Refrigeration: Vapour compression refrigeration systems: Review of refrigerants, Actual cycles - superheating, sub-cooling and liquid suction heat exchanger – multi-stage and cascade systems.
Basics of vapour absorption refrigeration system - cycle and properties of working fluids.
ME1100 – Thermodynamics
(i) Fundamentals: System & Control Volume; Property; State & Process; Exact & Inexact differentials; Measurement of absolute Pressure & Δp.
(ii) Work: Thermodynamic definition of work; Displacement work; Path dependence of displacement work and illustrations of simple processes; Fully resisted, partially resisted and unresisted processes; Other forms of work - gravitational, electrical, magnetic, spring and shaft.
(iii) Temperature & Heat: Definition of thermal equilibrium; Zeroth law; Definition of temperature and temperature scales; Various thermometers; Definition of heat; Examples of heat/work interaction in systems.
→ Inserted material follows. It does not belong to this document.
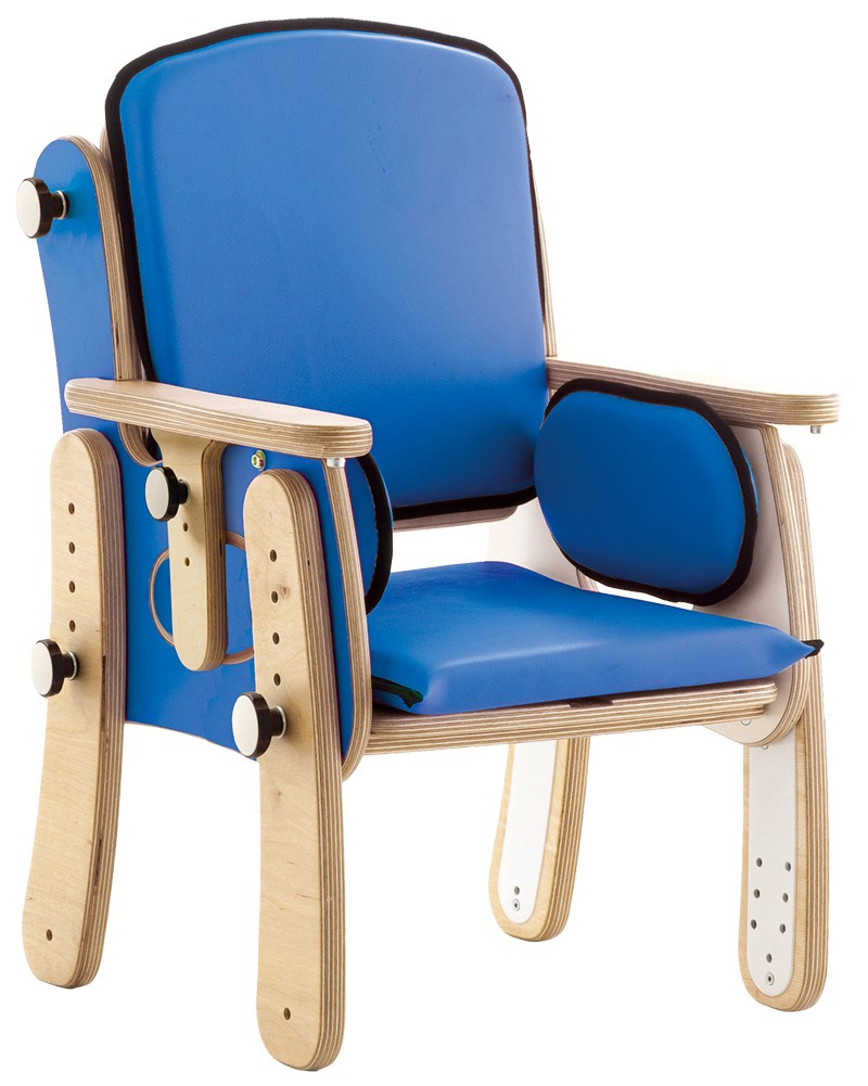Chaise en bois polyvalente pour tout milieu, scolaire, domicile, centre de rééducation. Conçue pour les enfants de 1 à 12 ans ayant des besoins posturaux légers à modérés. Réglable en hauteur (4 pieds) et en profondeur d'assise. Dossier réglable en angle et accoudoirs réglables en hauteur. Ceinture pelvienne en 2 points de série. Housses facilement lavables. Existe en 4 tailles pour 1 à 12 ans. Poids max. : de 30 à 50 kg. Plusieurs accessoires disponibles : plot d’abduction, palette réglable et coussin biseauté.

(iv) First Law for System: First Law for Cyclic & Non-cyclic processes; Concept of total energy E; Demonstration that E is a property; Various modes of energy.
(v) Pure substance: Two property rule; Enthalpy and internal energy; Properties of Ideal Gases and Mixtures of Ideal Gases; Properties of water-steam system; Const. temperature and Const. pressure heating of water; Definitions of saturated states; P-v-T surface; Use of steam tables- Saturation tables, Super-heated tables, Identification of states & determination of properties.
(vi) First Law for Flow Processes: Derivation of general energy equation for a control volume; Steady state steady flow processes; Examples of steady flow devices; Unsteady processes.
(vii) Second law: Definitions of direct and reverse heat engines; Definitions of thermal efficiency and COP; Kelvin-Planck and Clausius statements; Definition of reversible process; Internal and external irreversibilities; Carnot cycle; Absolute temperature scale.
(viii) Entropy: Clausius inequality; Definition of entropy S ; Demonstration that entropy S is a property; Evaluation of ΔS for solids, liquids, and ideal gases undergoing various processes ; Determination of s from steam tables; Examples - Turbine, compressor, pump, nozzle, diffuser; Definition of Isentropic efficiency; Available and Unavailable energy; Concept of Irreversibility and Lost work.
(ix) Thermodynamic cycles: Basic Rankine cycle; Basic Brayton cycle ; Basic vapor compression cycle.